One increasingly attractive arrangement is to centralize information from a multitude of systems into a data lake, or basically a vast repository of data. That enables organizations to then layer on a third-party tool to conduct analysis.
"Most of the systems and most of the data now is within the data lake. I wouldn't have made the same statement four or five years ago, so it's a change," said Dataiku CEO Florian Douetteau.
Modern vendors like Fivetran are trying to help push that trend along by enabling customers to simply dump their information from any system into a data lake, warehouse or lakehouse — a variation on the historical method known as ETL, where the data is changed from its raw form before it's deposited into a repository. The trend has become so pronounced that there is even a nascent industry focused on "reverse ETL," or taking that information out of Databricks after analytical processing, for example, and putting it back into Salesforce.
Ultimately, industry insiders speculate that the larger vendors will seek to tackle this opportunity by buying one of the up-and-coming "intelligence" vendors: Salesforce's tried-and-true approach. The problem? Those mergers are getting very costly. On top of that, the Biden administration has signaled it will take closer scrutiny of so-called "killer acquisitions," or those purchases that seek to nullify competition from nascent rivals.
It's one reason why Salesforce's $29 billion purchase of Slack perplexed some who thought the company needed to take a bigger leap into the intelligence market.
"That was a good step, a relevant step. But Slack is closer to a system of record than it is a system of intelligence," said Emergence Capital's Ritter. "It's a step in the right direction, but not a major step."
The classic question: Build or buy?
Getting such a system operational requires developing a unified understanding of how individual data will be treated. Information on bill-to customers, for example, must be handled differently than ship-to. And connecting populated corporate dashboards into a common collaboration platform like Slack requires building that link and then maintaining it as usage expands. It's one reason why vendors are eagerly expanding their partner ecosystems to make it easier for end users to manage this problem.
Any lapse in the system could mean that executives are making decisions based on operational snapshots relying on out-of-date or wrong data. The lift is so heavy that for every $1 spent on licenses for analytics tools, $4 are spent on services for it, according to Digital.ai CTO Gaurav Rewari.
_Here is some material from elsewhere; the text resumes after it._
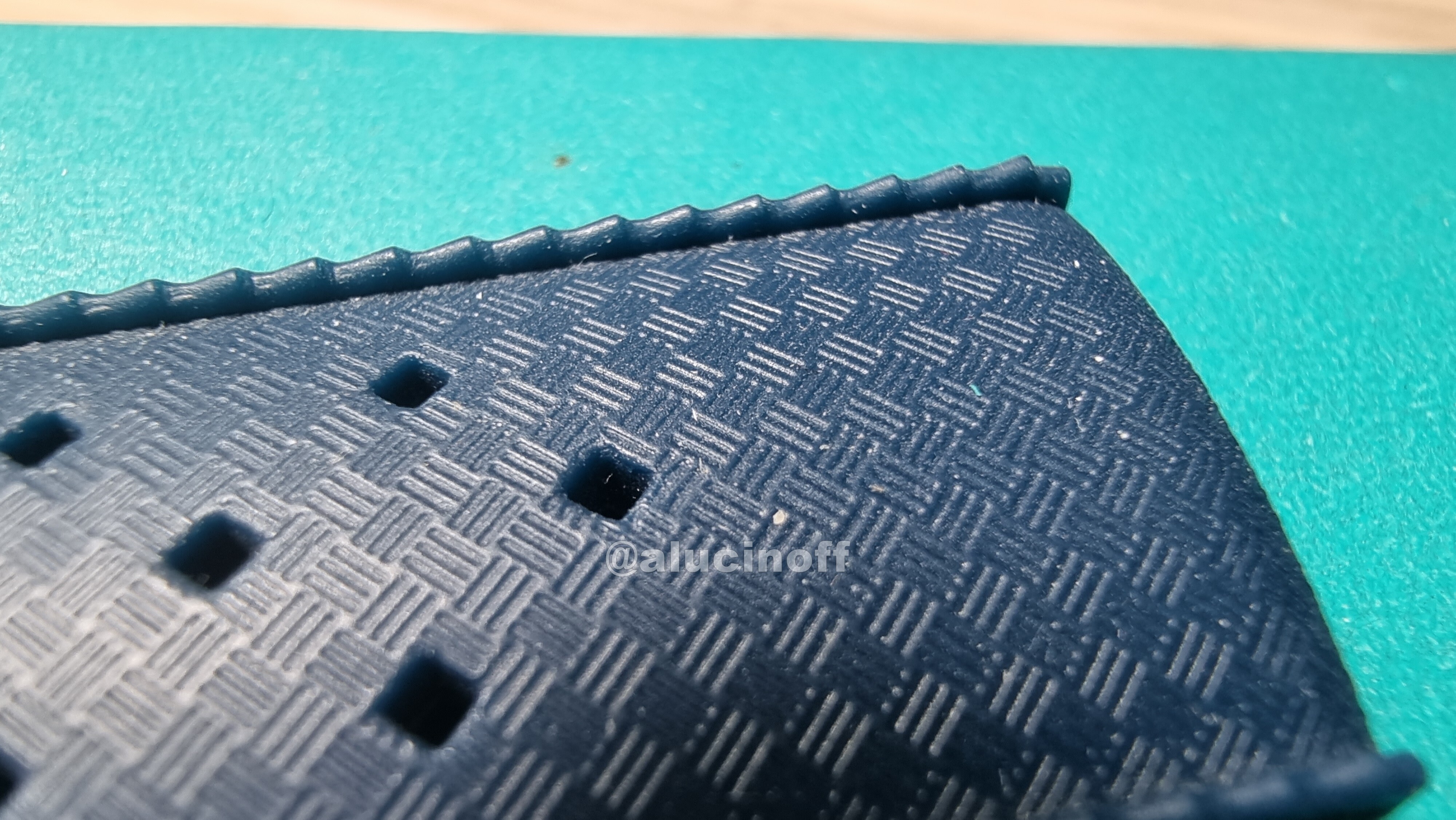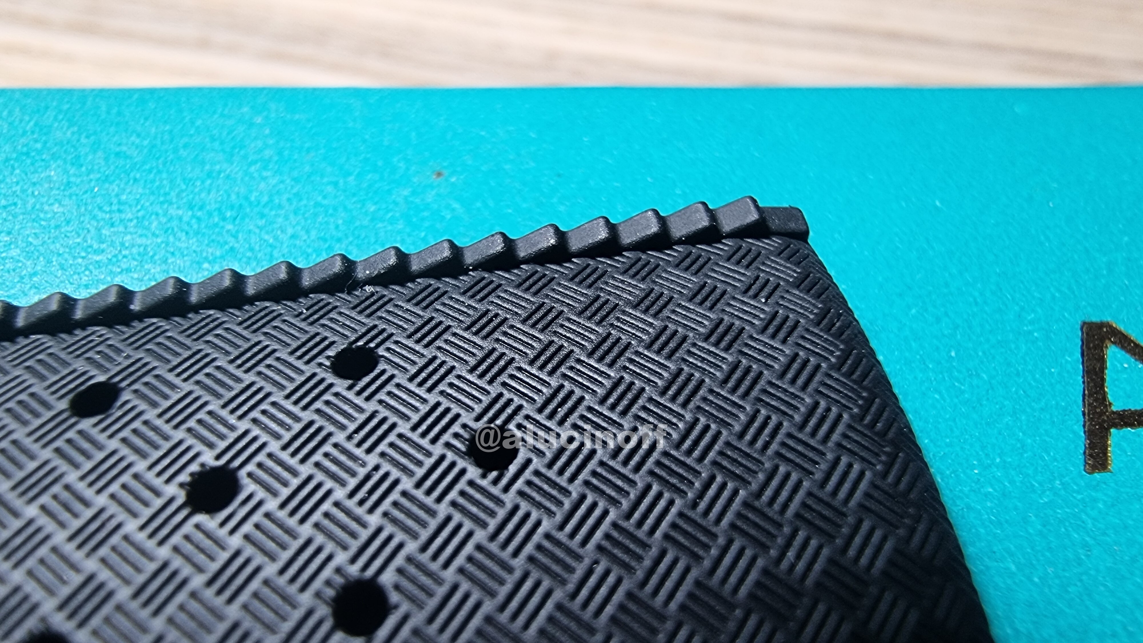 Y cómo es una correa Tropic “viejoven”? Pues la verdad, una pasada. No he probado las nuevas Tropic. Se supone que están fabricándolas con la fórmula original, así que habrá que probarlas, porque si son como éstas, valdrán la pena pese al precio. Esta es una goma muy flexible, comodísima, con un dibujo en relieve muy marcado, un brillo que no se ve en una de silicona o FKM… Pero claro, es una original y da miedo ponérsela ![]()

"The amount of tooling that you need to purchase and the amount of scarce skills that you need to bring to bear to be able to stand up a solution like this for your own needs is daunting, time consuming and expensive," he told Protocol. "That's where the opportunity is, to productize the work that would normally be done by hand into a prebuilt system of intelligence applications in specific domains."
This process also assumes that companies are using the same applications forever, when in reality they are increasingly being switched out at faster cycles. A new head of sales, for example, could want to use Microsoft's CRM offering instead of Salesforce. While it's rarely cost advantageous in the short term to pivot to a new vendor, such a situation is becoming more common as data is, increasingly, stored outside the applications themselves.
And as those integration capabilities become more robust, it's no longer as necessary for enterprises to stick with one IT vendor. Instead, they can pursue so-called "best of breed" solutions and connect those to a central intelligence hub.
That's the case at Scuba Analytics, a startup that has raised $92 million to date, according to PitchBook. The company has some customers that integrate hundreds of applications together, per CEO Tony Ayaz.
"The market is going to be about intelligence," he said. And companies like Salesforce "need to gather better intelligence to not only run their own business, but serve their customers better. Because everyone is looking for actionable intelligence."